Single by Nash Chase
- A-side: "What Greater Love"
- B-side: "Raindrops Keep Fallin' on My Head"
- Released: 1970
- Genre: Pop
- Label: Ode ODE-11
- Songwriter: Randazzo-Pike-Adams
- Producer: Terence O'Neill-Joyce

Nash Chase singles chronology
| ""Sound of Love"" | "What Greater Love" | ""I Will Bring You Flowers in the Morning"" |

= What Greater Love =

"What Greater Love" was a top ten hit in New Zealand for singer Nash Chase in 1970.

==Background==
===The record===
On the week ending with 5 September 1970, it was reported by the Billboard magazine that "What Greater Love" was in the New Zealand charts at position 10. The single backed with "Raindrops Keep Falling on My Head" was released on the Ode label.

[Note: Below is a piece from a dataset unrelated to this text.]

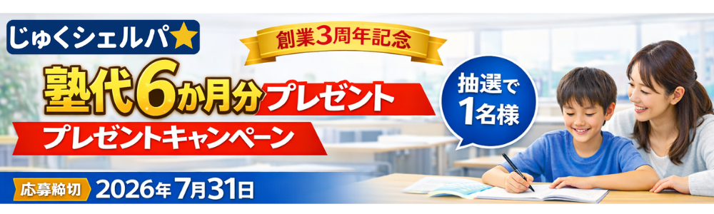 入塾後3か月継続して紹介された塾に在籍されていた場合、じゅくシェルパから入塾お祝いギフトを差し上げます。

By 27 July 1970, the single had entered the NZ charts at no. 20. By 31 August, it had climbed from no. 17 to no. 10.

===The singer===
In 1970, Chase was a newcomer to the pop scene. His brother Frank had already released a single "The Frog" bw "Popeye Dance" on the Pye the previous year.
In July of that year he won the Wanganui Talent Quest. In August, he won the 1970 New Faces competition. Prior to this hit, Chase had previously released a single "Sound of Love" backed with "My Special Prayer" on Ode.